EPO Dosage and Usage
Weekly dosage varies 50-300 IU per kilogram of body weight. By this guideline a 176 lb (80 kgs) athlete would take a maximum of 4000 U per injection. This would be done in the days/weeks prior to a competition, the peak effect hopefully reached near the day of the event. Sportsmen starts feeling results after two weeks of usage (hematocrit level increases 3-4%). Most of specialists agree that one should not use erythropoietin for more than six weeks!
We find it optimal to use following schedule: Loading phase 4500-12000 IU for week 1-3 (6000 IU in average), then keep supportive dosage 3000-4000 IU for weeks 4-6. Weekly dosage is to be split on three equal shots.
Also one can use this formula: 20-30 IU per kg for every shot (three shots a week). Conservative approach is 4500 IU / week (3 shots x 1500 IU) with 3000 IU supportive dosage (3 shots x 1000 IU).The higher dosage is – the more effect and more risks you gain. Anyway, it depends on the personal characteristics, base levels, target goals desired. Blood tests recommended if you’re toying with higher doses.

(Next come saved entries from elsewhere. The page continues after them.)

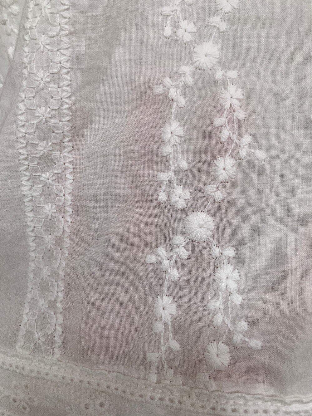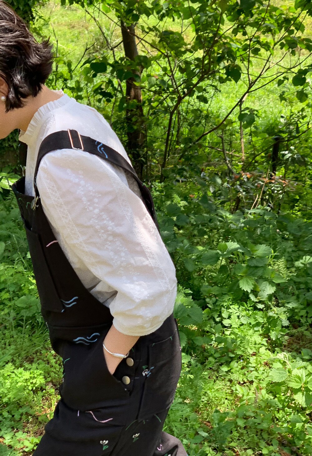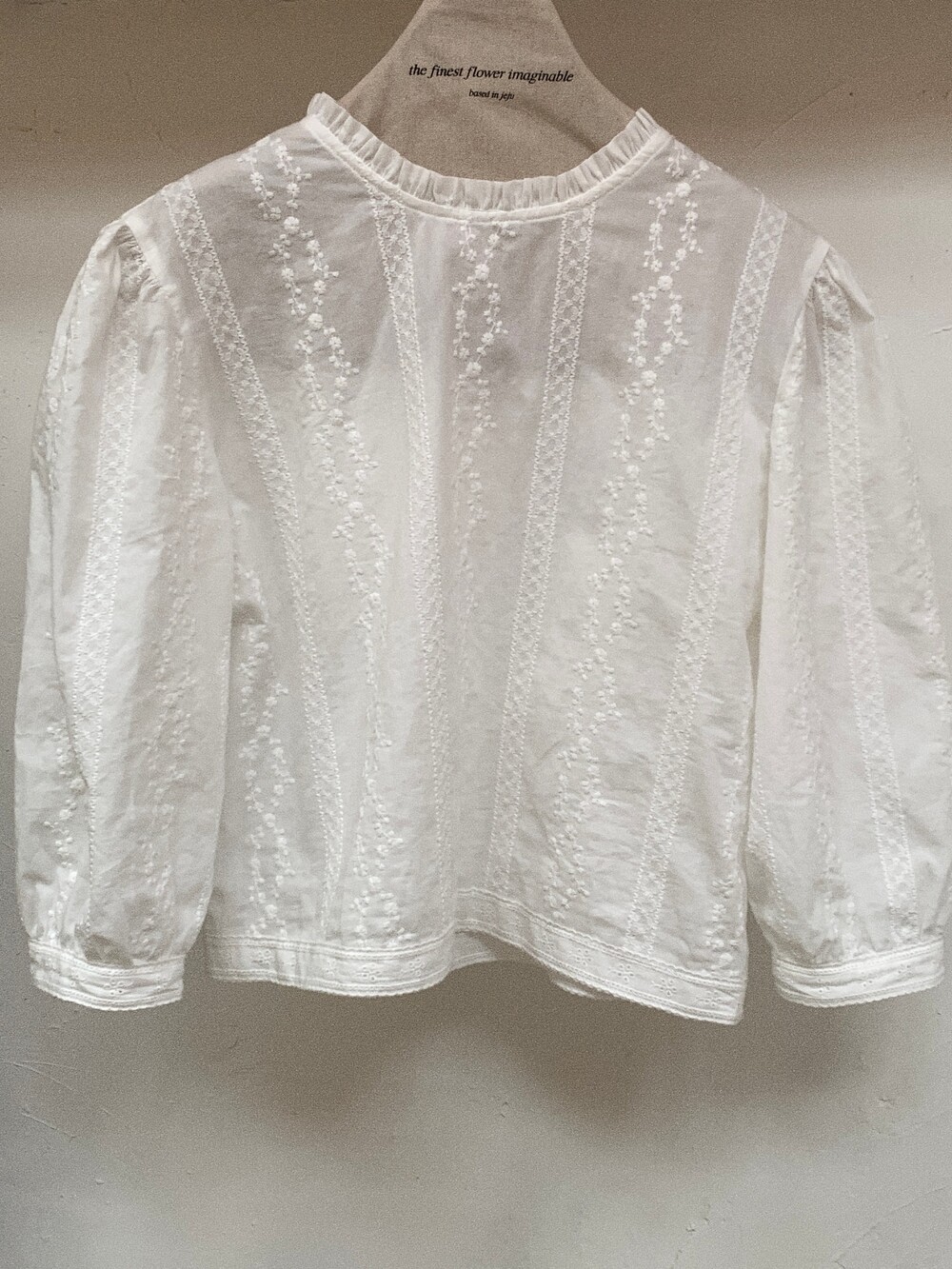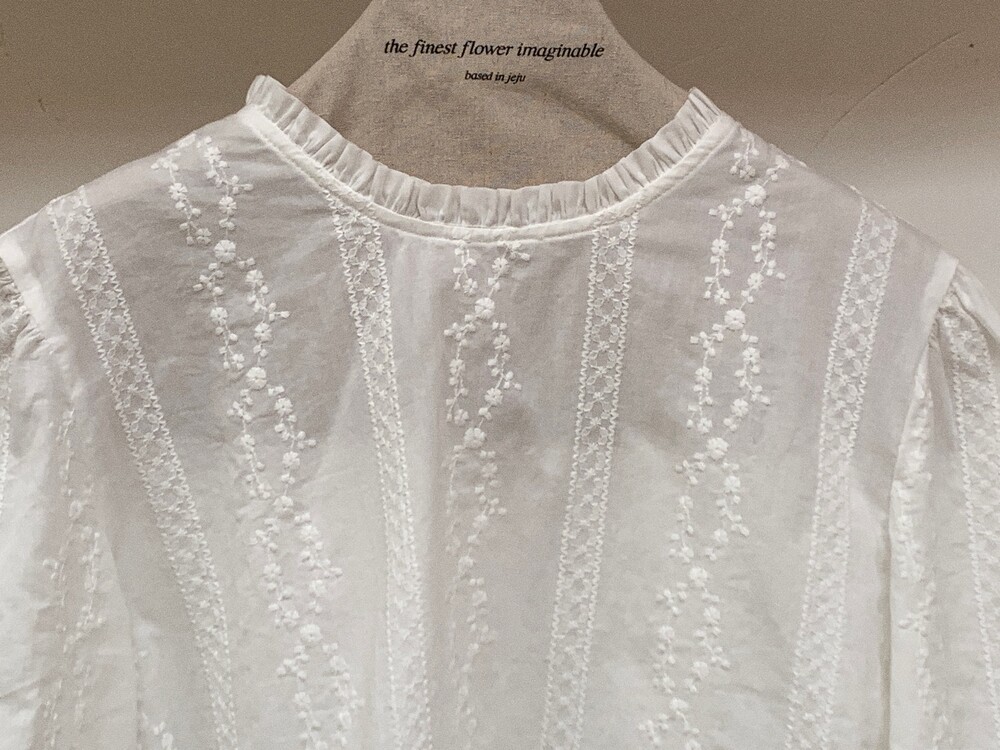 여러 가지의 입체적인 자수가 단조롭지 않고 사랑스러운 분위기를 연출해줍니다
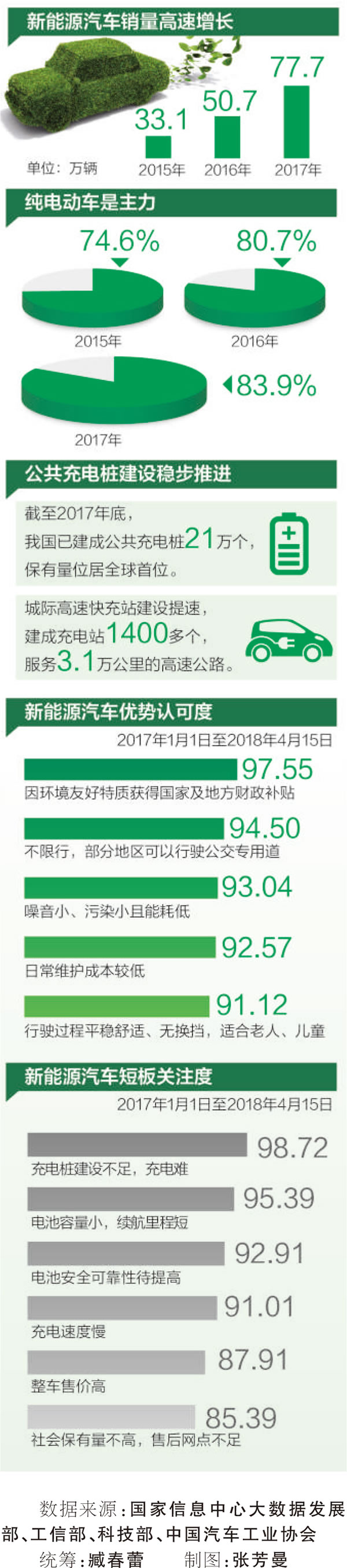 我國已經連續(xù)三年位居全球新能源汽車產銷第一大國。從市場增速、產業(yè)鏈成熟度、投資熱度等指標衡量,新能源汽車已成為近年來我國戰(zhàn)略性新興產業(yè)的一道亮麗風景。但隨著行業(yè)競爭不斷加劇,財政補貼的技術門檻日益增高,新能源汽車的高增長能否持續(xù)?充電基礎設施建設怎樣適應消費者的期待?
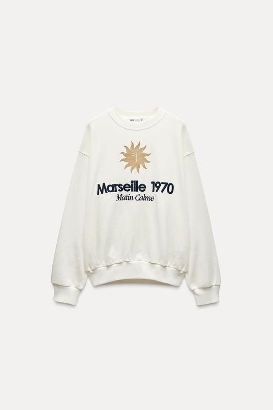 Світшот зі 100% штапельної бавовни з круглим коміром і довгими рукавами. Контрастний принт і вишитий напис спереду та окантовка в рубчик на краях.
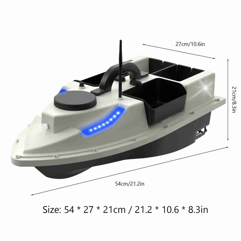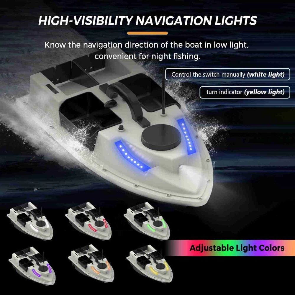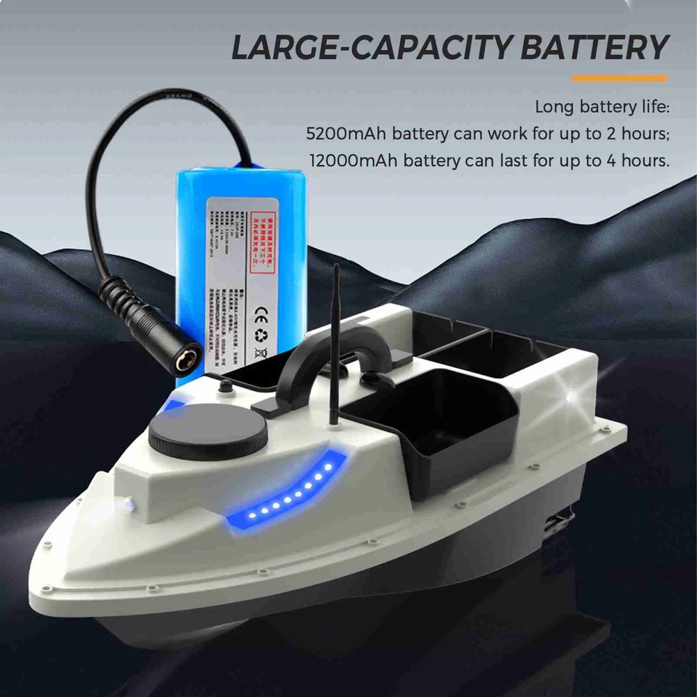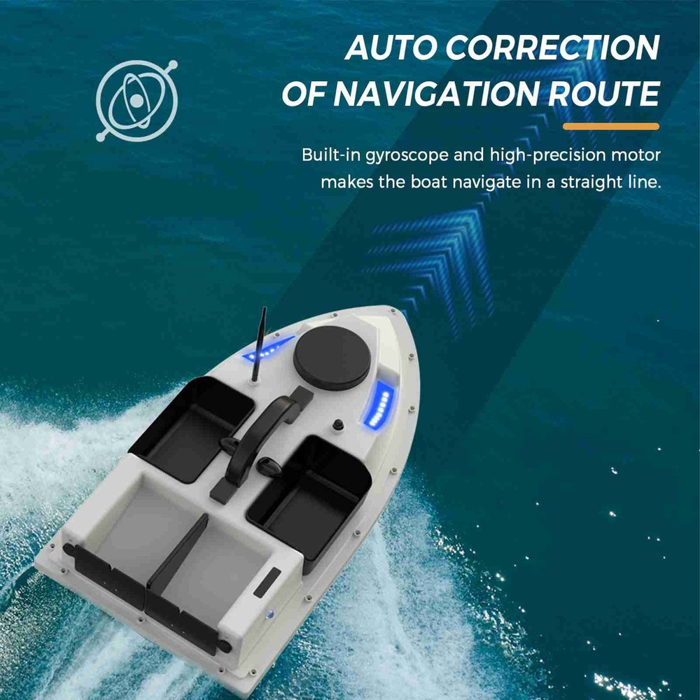 Feature: 1. GPS function allows you to set 99 baiting spots, making it easier to return to your favorite locations. 2. With remote control range up to 500 meters, you can maneuver the boat to your desired fishing spot without ever leaving the shore. 3. Correct navigation route automatically and keep sailing in a straight line even in the waves. 4. This fishing feeder boat can hold up to 2kg of bait, allowing you to cover a larger area and attract more fish. 5. 5200mAh / 12000mAh rechargeable battery for long working life. The boat automatically returns in low battery. 6. Front and rear lights provide increased visibility at night, very convenient for night fishing. 7. Fully enclosed design ensures that it can withstand harsh weather conditions and rough waters. 8. Comes with a storage bag for easy transportation. Specification: Colour: Yellow / White&Black (Optional) Battery Capacity: 5200mAh / 12000mAh (optional) Working Time: Approx. 2 hours (5200mAh); Approx. 4 hours (12000mAh) Remote Range: About 500m Material: ABS + Metal Maximum Load: 2kg / 4.4lb Size: 54 * 27 * 21cm / 21.2 * 10.6 * 8.3in Boat Weight: 1.75kg / 3.8lb Package List: 1 * Fishing Bait Boat 1 * Remote Control 1 * Antenna 1 * Battery for Boat 3 * Battery for Remote Control 1 * Battery Charger 1 * User Manual 1 * Carry Bag
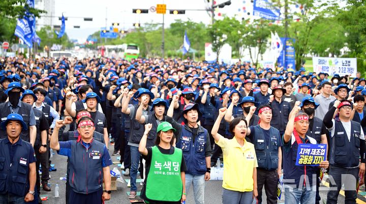 [광주=뉴시스]이현행 기자= 전국금속노동조합 광주전남지부가 16일 오후 광주 서구 시청 앞에서 금속노동자 총파업 대회를 열고 결의를 다지고 있다. 2025.07.16. [email protected]
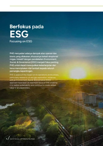 8 Laporan Tahunan %u2022 PT Pertamina Hulu EnergiPHE menyadari adanya dampak atas operasi dan bisnis yang dilakukan, khususnya terkait eksplorasi migas. Inisiatif dengan pendekatan Environment, Social, & Governance (ESG) menjadi fokus penting PHE untuk dapat mewujudkan keberlanjutan dan terus menciptakan nilai tambah kepada seluruh pemangku kepentingan.PHE is aware of the impact on its operations and business, particularly related to oil and gas exploration. Initiatives with an Environment, Social, &Governance (ESG) approach have been an important focus of PHE enabling it to realize sustainability and continue to create added value to all stakeholders. Berfokus padaESGFocusing on ESG8 Laporan Tahunan %u2022 PT Pertamina Hulu Energi
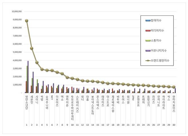보이그룹 브랜드평판 1위를 기록한 방탄소년단 ( RM, 진, 슈가, 제이홉, 지민, 뷔, 정국 ) 브랜드는 참여지수 137,548 미디어지수 1,456,074 소통지수 3,342,720 커뮤니티지수 3,926,705가 되면서 브랜드평판지수 8,863,047로 분석됐다. 지난 7월 브랜드평판지수 10,128,032와 비교해보면 12.49% 하락했다.

Take one tab of aspirin two times a day after meal or along with milk to prevent stomach damages (milk neutralizes aspirin acids). Aspirin will decrease blood viscosity thus decreasing risks of thrombosis which could be fatal during the long race due to sweating and extreme dehydration.
In general, greater dosages of rhEPO induce a quicker response of increased erythropoiesis than lower dosages, however, they are more likely to be detectable by doping tests. If athlete is not in a rush, it’s better to make three shots a week – peak form will be achieved anyway.